I was in the middle of a large crowd of like minded "music enthusiasts" when I felt this uncertainty. I don't know why I felt this feeling for sure, nor was I sure of what had caused it.

It may have been the knee-shaking bass. It may have been an outer body experience when God had taken me out of my earthly body and told me that it was my duty to save the marmosets (SAVE THE MARMOSETS). It may have been the smell of over a thousand people who had not been overly generous with their deoderants on the hottest day of the year to date.
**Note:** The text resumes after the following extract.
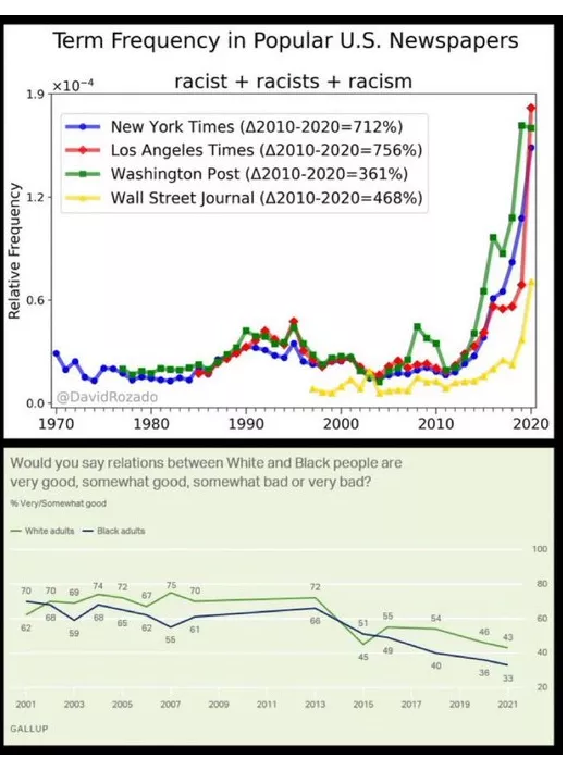 🔍 Το πρώτο γράφημα δείχνει εκρηκτική αύξηση στη χρήση των όρων racist / racism / racists στα μεγάλα αμερικανικά ΜΜΕ την περίοδο 2010-2020. Σε ορισμένες εφημερίδες η αύξηση ξεπέρασε το 700%, κάτι που σημαίνει πως το θέμα κυριάρχησε στον δημόσιο λόγο.

It could even have been the Kentucky Fried Chicken Zinger Burger, large fries, large diet coke, 2 pints of lukewarm Fosters, 1 bottle of Becks, 2 whisky chasers, 1 vodka chaser, ˝ a pill...

To make things worse there was a thin white guy to my right wearing a pair of Reebok Classics trying to form a box in the air with his hands and feet. His actions can only be explained if he was pissed and trying to have a sign language conversation with a spotlight.
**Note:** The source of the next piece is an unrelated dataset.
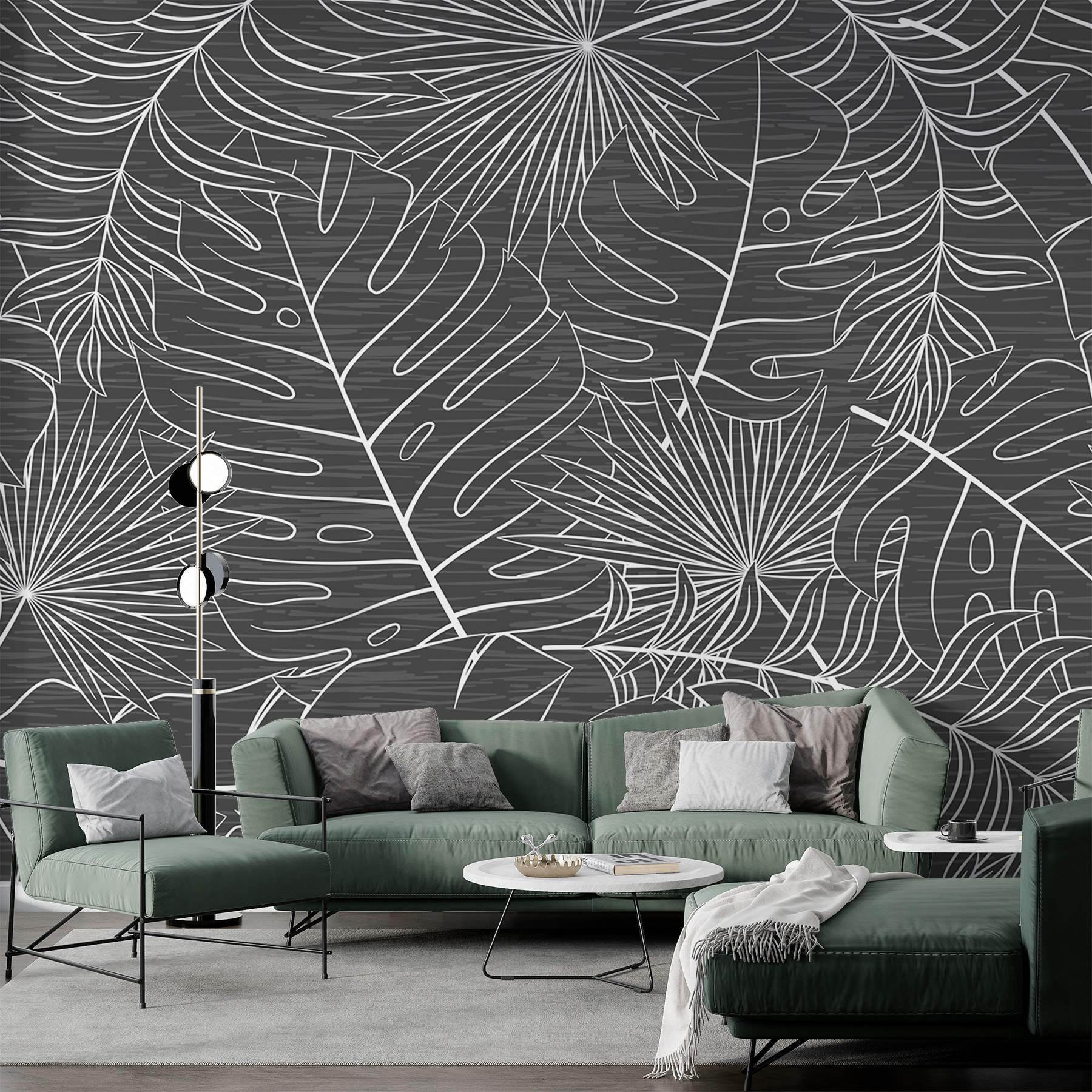 Transform any room into a tropical oasis with this stunning wall mural featuring a captivating pattern of leaves on a sleek grey backdrop. Think of it as bringing a slice of nature indoors—without the watering can. The elegant white outlines dance playfully against the muted tones, adding just the right touch of sophistication and warmth. Imagine lounging in your cozy corner, this mural whispering stories of sun-soaked beaches and balmy nights. Perfect for any space that craves a hint of the wild and a whole lot of style. Get ready to channel those relaxed tropical vibes—all in your living room!

The blonde girl in front of me with an inexplicably large and wobbly arse offered an unimaginably irritating side-to-side dance that remained exact throughout the set, varying only with tempo. She didn't do much to help either.

I looked around the venue and saw that the two aforementioned challenged individuals were not alone and part of an ever growing collective. Hollywood suggested that "white men can't jump" but prolonged exposure suggested that white men also couldn't dance. In a way this was the only hindrance to the magnificent atmosphere in the Brixton Academy, except for the harsh treble that often lost some vocal clarity.

The band on stage, Outkast, proved that whilst contemporaries such as Dr Dre (and his ever expanding legion of "homiez") are destroying hip-hop with their "sell-out" commercialism, the cause is still alive and well.

The extensive back catalogue, as well as recent singles, helped to showcase Outkast's highly individual stage presence. For some reason I can't remember much more than that.